The barbarians retreated a little way, then turned and charged again, pitting their frenzy against the stolidity of the Mayas, their faces impassive as the barbarians swooped down again. Swords flashed and screams tore the night. The wall held for an instant, like a frayed rope about to split, and then it ripped apart, men scattering, arms flaying wildly, legs thrashing.
Neil watched as the great battle began in earnest. Man pitted himself against man in a sweating, bleeding, furious struggle.
The Mayas fought in little groups, their arms swinging swords, spears jabbing out, spilling barbarian blood. The barbarians, on the other hand, were like a flooding stream that rushed over everything without direction, without purpose.

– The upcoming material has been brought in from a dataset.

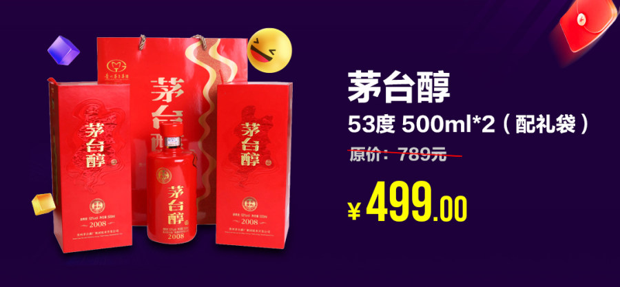 人生得意须尽欢,莫使金樽空对月!酒文化传承千年,可以解忧,可以人情,可以倾心……人生最美好的时光之一莫过于微醺到断片之间。双11狂欢大促, “真快乐”带来了茅台醇2008 53°酱香型白酒500ml,6瓶整箱装仅需499;五粮液盛世佳酿好事成双 52度浓香型白酒 500m*2瓶不止五折;2瓶拉菲珍酿波尔多红葡萄酒+飞天茅台53度酱香型套装原价6568,现价仅需3399,此外,还有白水杜康、洋河52度海之蓝等大牌名酒持续低价,等你来囤!

Four shaggy, half-naked men seized a Maya and pinned him against the stone wall, their swords slashing again and again until the man hung like a tattered cloth. They turned, the blood fresh on their hands and their swords, swept across the court to where a group of Mayas were battering away at the barbarians who had surrounded them. They leaped over the heads of their fellow men, crashed into the Mayas, two meeting instant death on the tips of spears, the others flailing wildly with their swords.
Then, bursting into the court with a fresh band of heavily padded soldiers, was the captain with the scar on his face, the one Talu had called Baz.

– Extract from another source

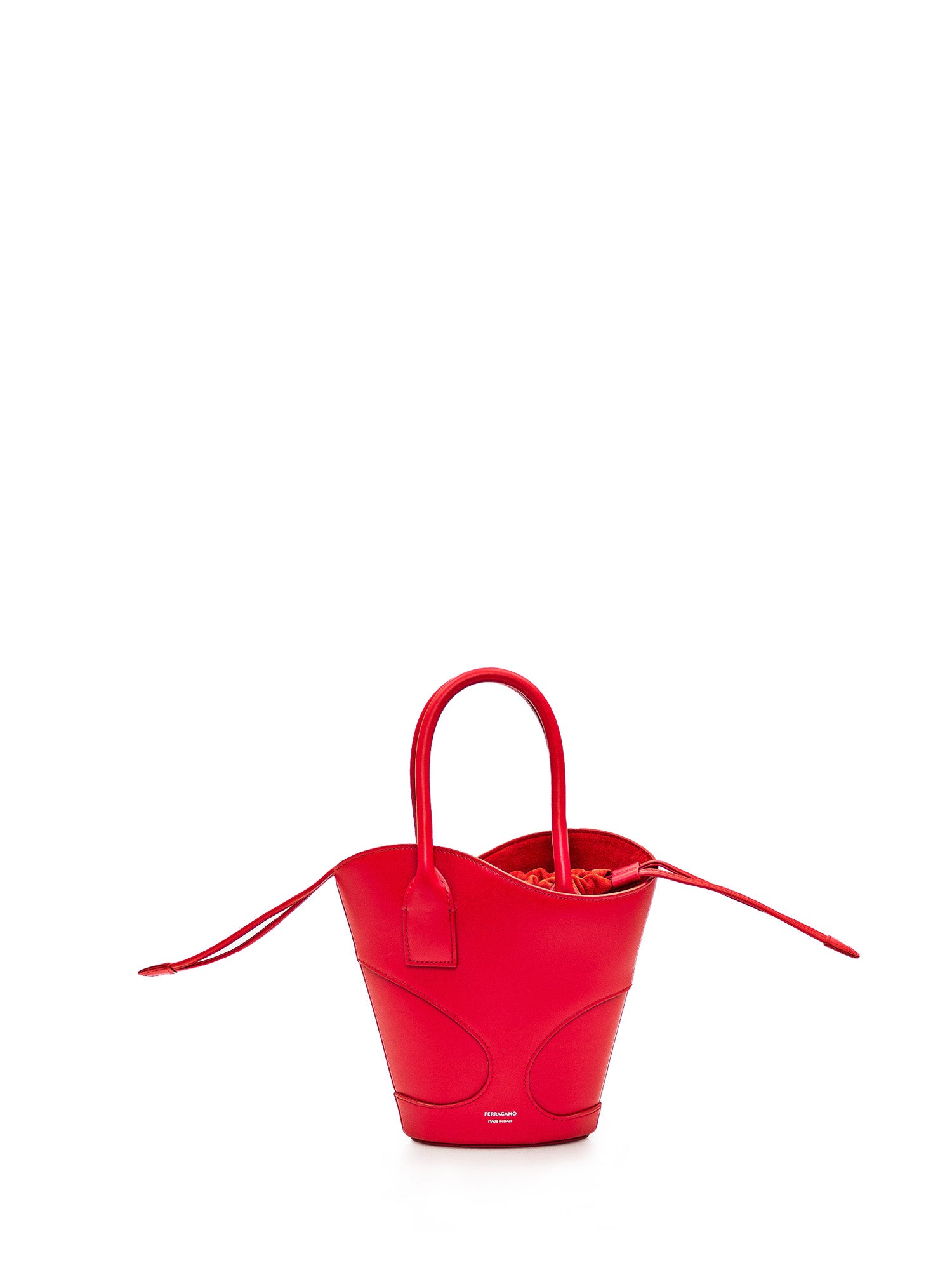 Borsa a secchiello rossa in pelle con bordo con sagomature a onda. Due manici. Tracolla regolabile e rimovibile. Coulisse interna. Logo sul davanti.

His face was grim, and the scar stood out in vivid relief against the tautness of his cheeks. The light flickered over his face like the fires of hell on the face of a demon.
“Baz!” the cry went up from the Mayas. “Baz!”

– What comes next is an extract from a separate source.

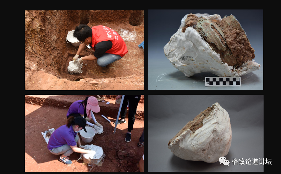 我們根據(jù)文物出土情況,一般采用比較多的就是石膏打包,左邊兩張是我們工作照,右邊兩張是我們發(fā)掘出土很多青銅器。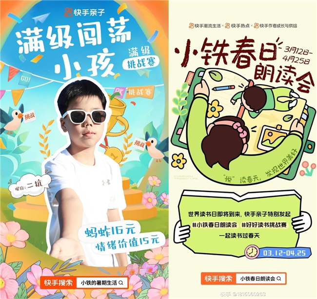 庞大且精准的用户储备,为内容转化提供了优质土壤。快手平台聚集了各年龄段关注亲子教育的宝爸宝妈,他们对亲子内容的高关注度与强互动性,让IP内容具备天然的传播优势。上半年备受瞩目的16岁创作者@阿好好好,凭借朗诵《红楼梦》《我与地坛》等名著17天涨粉百万,一周内26次登上快手热榜。快手亲子发起#小铁春日朗顿会 ,掀起站内语文热潮;而唐山“小孩哥”二杭通过卖蚂蚱时的趣味吉祥话走红,展现了快手用户对“孩子多实践”的教育理念认可。这些案例背后,是平台用户对“真实、温暖、有价值”内容的共同追求。

Like a fury unleashed, he slashed across the court, his sword cutting a wide swath around him, barbarians falling like grains of wheat before the power of his thrashing arm. His soldiers stamped along behind him, caught in the fire of his charge, men fighting for their city and their home.
A terrible grin split Baz’s face in two, and his teeth gleamed, his eyes like two fiery coals embedded in his head. He shouted, his voice tearing through the night like the scream of a motherless coyote. He burst into a group of barbarians, lifting them, throwing them, slicing, cutting, gouging, kicking. The barbarians dispersed, regrouped and charged across the court again.
But this time the Mayas were strong behind the leadership of the screaming, bloodthirsty Baz. Like a tireless machine, they rolled across the court, the barbarians falling before their sharp swords and spears. The stones ran red, and their feet splashed in the blood and they forced the invaders back, back, killing, furious now in their first taste of victory, anxious to annihilate the foe, anxious to pound him into the very stones underfoot.